**WHAT YOU HAVE TO DO:**
Word for word, return the lines below from the first through the line that has "②商品Q&A新規登録画面が表", dropping the pictures.

**Saved data entries:**
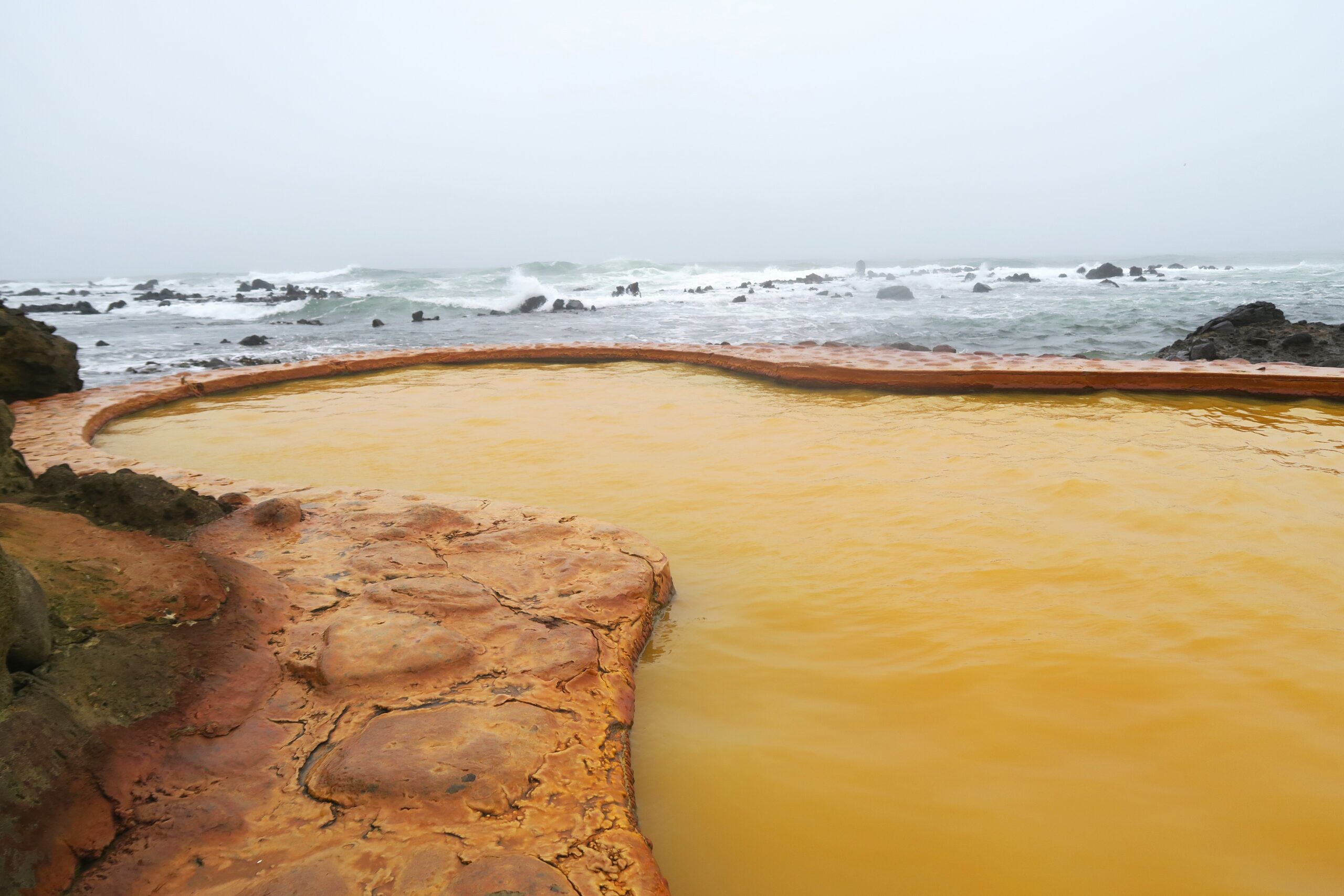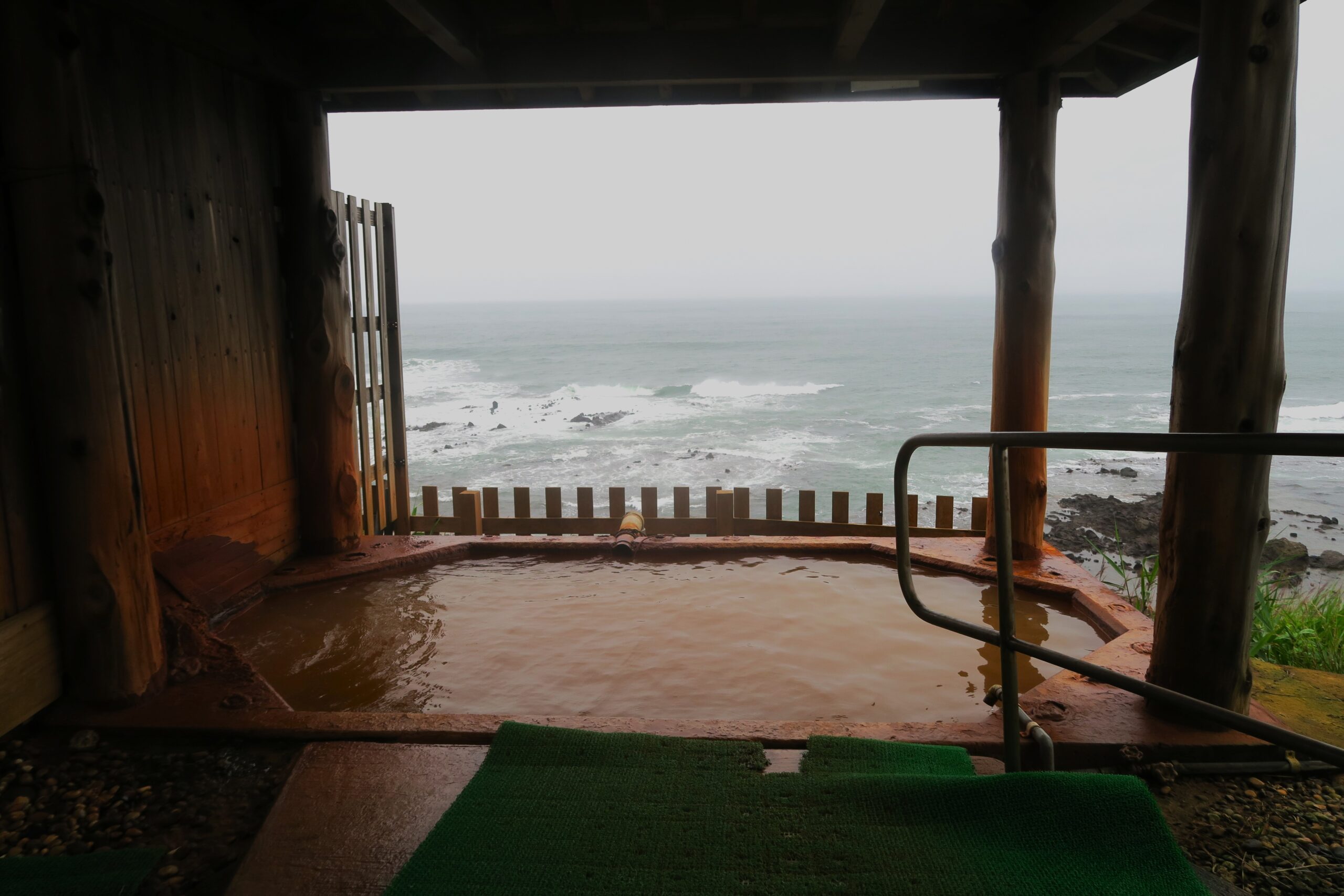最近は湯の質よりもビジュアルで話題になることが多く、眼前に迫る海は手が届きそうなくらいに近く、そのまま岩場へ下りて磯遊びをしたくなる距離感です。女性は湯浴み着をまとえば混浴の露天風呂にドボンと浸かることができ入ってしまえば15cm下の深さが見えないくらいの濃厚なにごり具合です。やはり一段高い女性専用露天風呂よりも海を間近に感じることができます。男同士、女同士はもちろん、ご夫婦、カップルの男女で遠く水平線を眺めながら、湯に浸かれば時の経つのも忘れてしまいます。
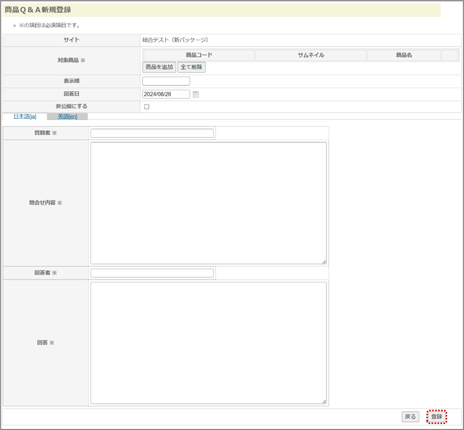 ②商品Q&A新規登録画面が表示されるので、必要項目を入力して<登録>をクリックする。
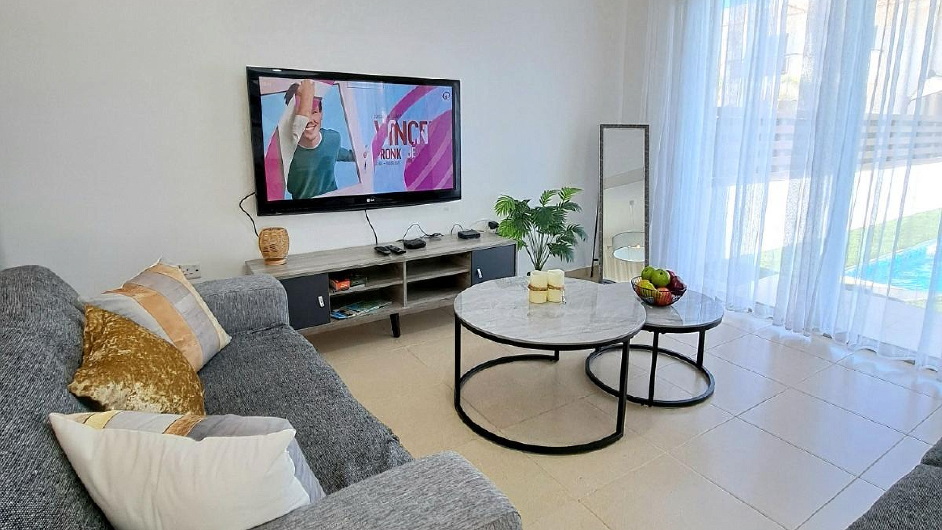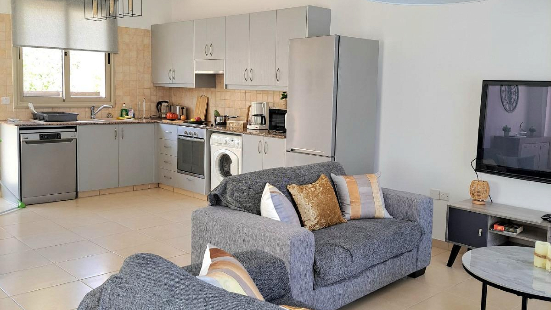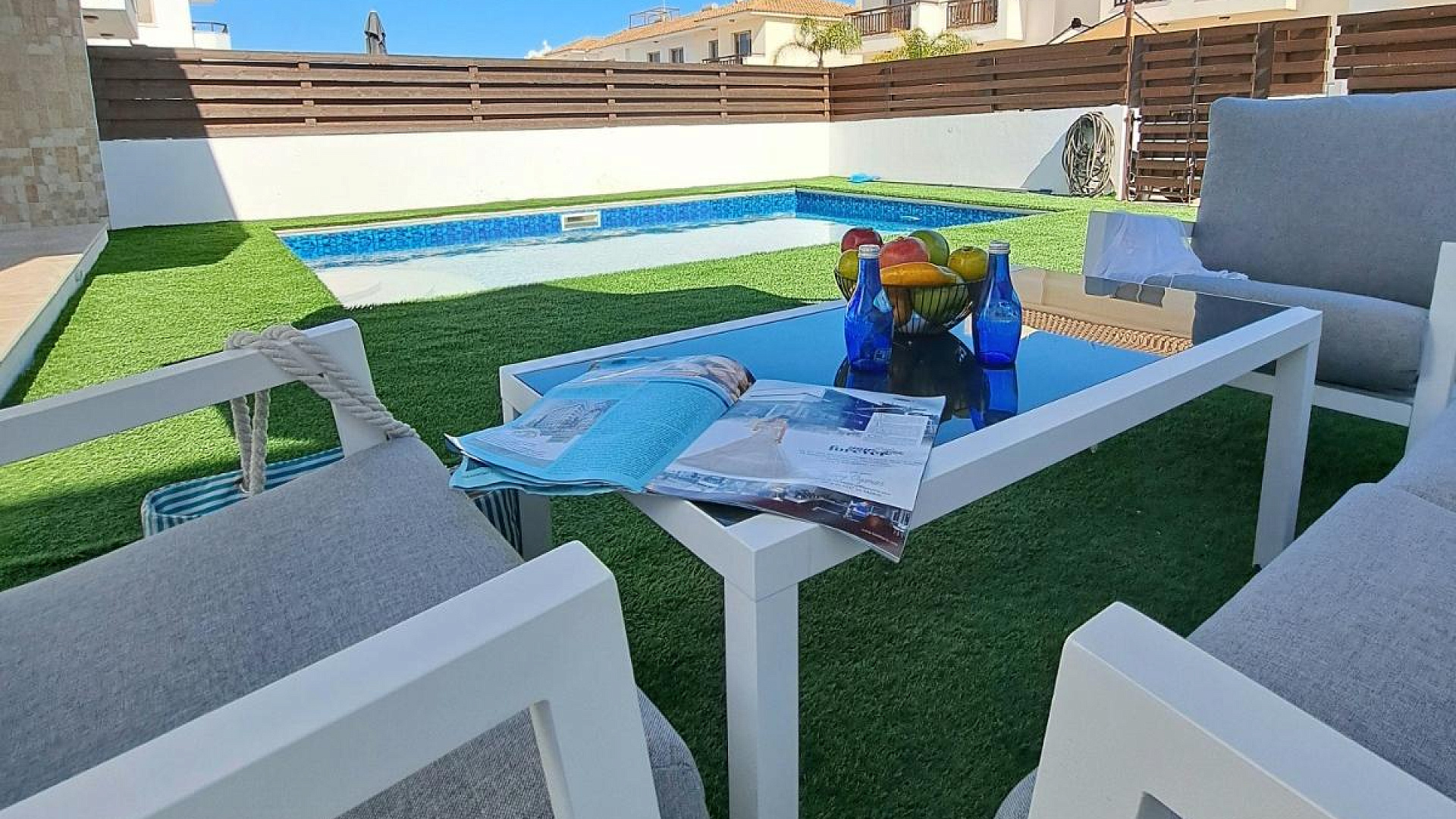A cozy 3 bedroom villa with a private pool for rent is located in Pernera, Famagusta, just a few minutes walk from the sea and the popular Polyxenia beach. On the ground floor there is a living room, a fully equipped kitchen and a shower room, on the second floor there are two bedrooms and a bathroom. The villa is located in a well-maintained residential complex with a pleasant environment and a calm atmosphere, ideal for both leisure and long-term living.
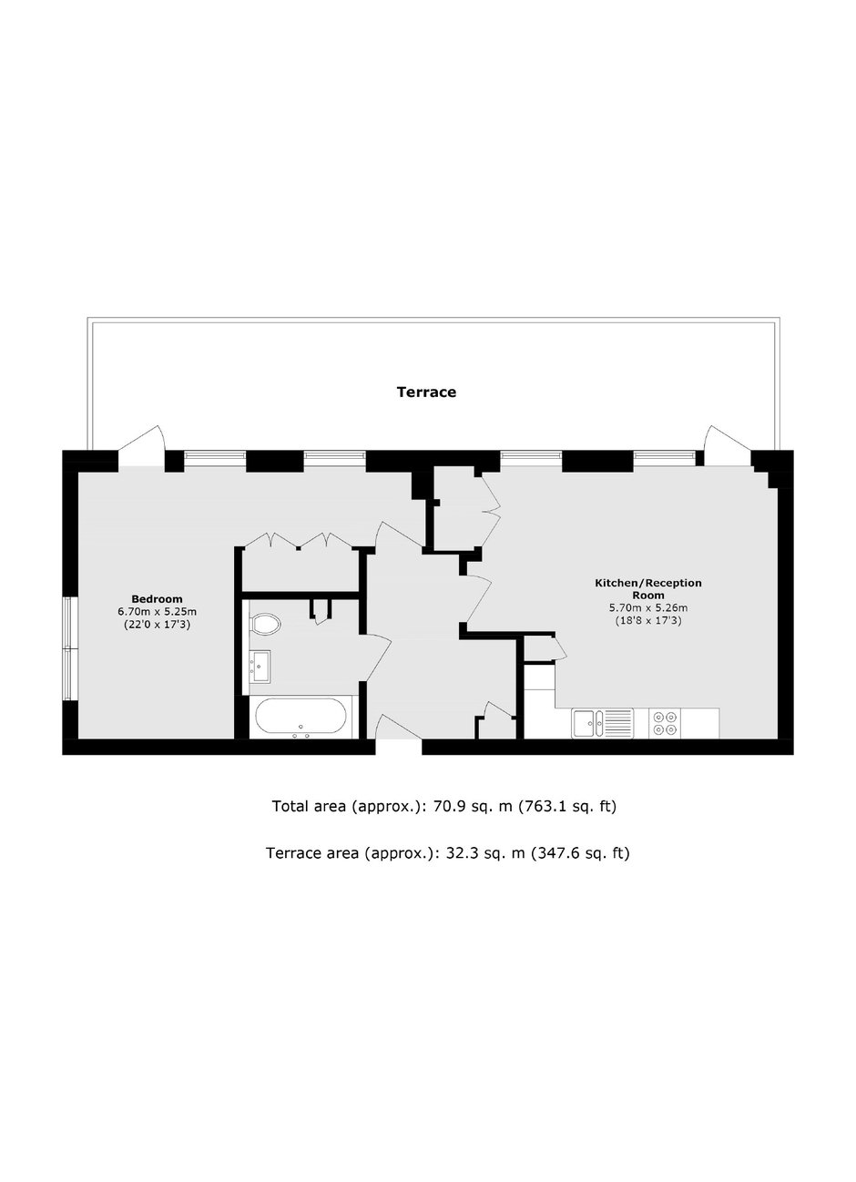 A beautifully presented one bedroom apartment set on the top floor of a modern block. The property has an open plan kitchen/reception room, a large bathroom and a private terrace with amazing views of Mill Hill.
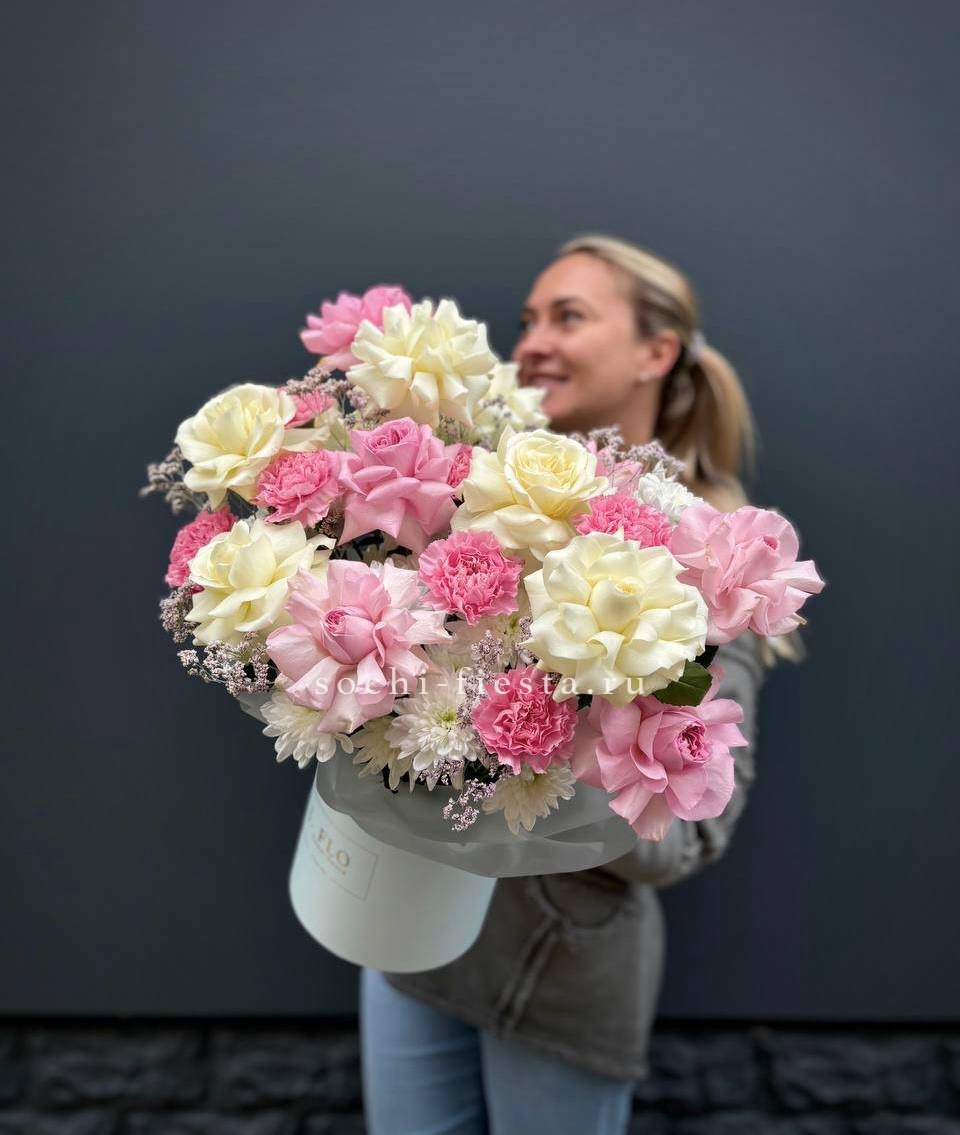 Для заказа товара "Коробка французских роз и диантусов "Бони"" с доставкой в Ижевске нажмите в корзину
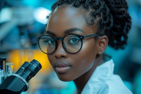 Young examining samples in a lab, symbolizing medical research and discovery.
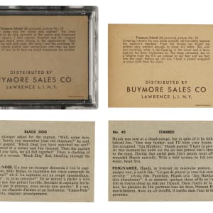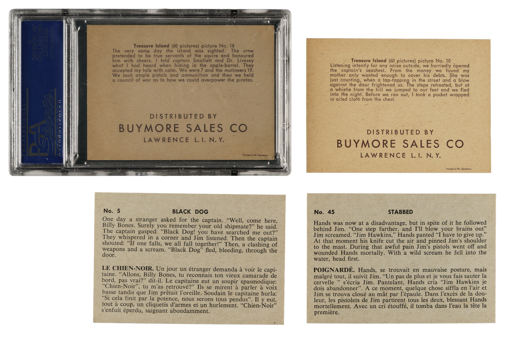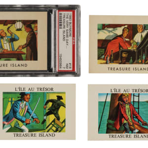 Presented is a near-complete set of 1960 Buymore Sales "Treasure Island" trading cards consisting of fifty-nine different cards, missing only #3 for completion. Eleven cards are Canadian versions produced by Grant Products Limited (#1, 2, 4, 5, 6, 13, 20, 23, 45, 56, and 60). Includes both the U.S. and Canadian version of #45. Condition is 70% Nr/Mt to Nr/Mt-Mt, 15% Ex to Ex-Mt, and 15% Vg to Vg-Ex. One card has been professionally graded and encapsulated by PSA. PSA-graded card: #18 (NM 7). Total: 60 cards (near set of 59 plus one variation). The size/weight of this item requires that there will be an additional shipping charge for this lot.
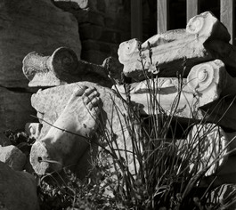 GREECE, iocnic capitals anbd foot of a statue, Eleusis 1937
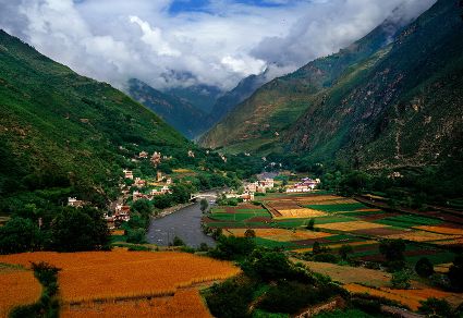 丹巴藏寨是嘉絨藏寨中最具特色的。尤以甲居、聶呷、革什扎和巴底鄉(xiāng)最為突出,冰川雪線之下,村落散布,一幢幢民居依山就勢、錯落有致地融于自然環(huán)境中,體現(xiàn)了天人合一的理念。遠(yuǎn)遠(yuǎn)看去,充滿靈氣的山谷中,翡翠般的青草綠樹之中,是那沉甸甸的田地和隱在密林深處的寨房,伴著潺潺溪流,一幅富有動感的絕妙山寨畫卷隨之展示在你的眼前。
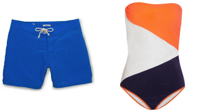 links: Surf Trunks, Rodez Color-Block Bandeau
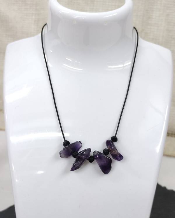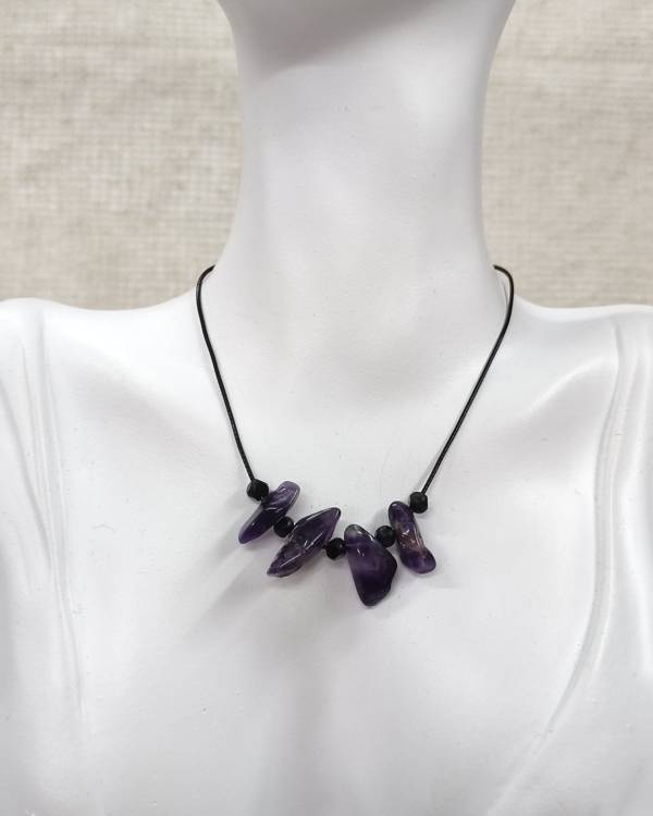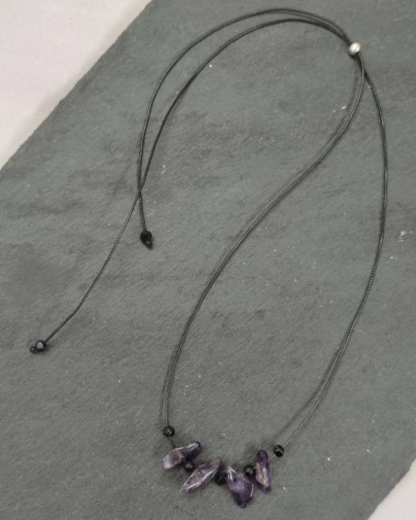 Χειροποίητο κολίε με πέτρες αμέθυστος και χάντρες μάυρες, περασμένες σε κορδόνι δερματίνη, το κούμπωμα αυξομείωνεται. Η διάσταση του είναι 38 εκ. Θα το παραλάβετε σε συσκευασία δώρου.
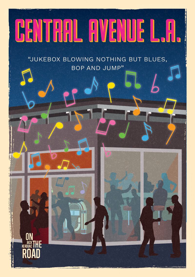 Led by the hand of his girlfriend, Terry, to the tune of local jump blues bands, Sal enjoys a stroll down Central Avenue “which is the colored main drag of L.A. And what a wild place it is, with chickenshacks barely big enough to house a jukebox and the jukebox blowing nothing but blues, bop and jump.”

**RESPONSE AREA:**
最近は湯の質よりもビジュアルで話題になることが多く、眼前に迫る海は手が届きそうなくらいに近く、そのまま岩場へ下りて磯遊びをしたくなる距離感です。女性は湯浴み着をまとえば混浴の露天風呂にドボンと浸かることができ入ってしまえば15cm下の深さが見えないくらいの濃厚なにごり具合です。やはり一段高い女性専用露天風呂よりも海を間近に感じることができます。男同士、女同士はもちろん、ご夫婦、カップルの男女で遠く水平線を眺めながら、湯に浸かれば時の経つのも忘れてしまいます。
 ②商品Q&A新規登録画面が表示されるので、必要項目を入力して<登録>をクリックする。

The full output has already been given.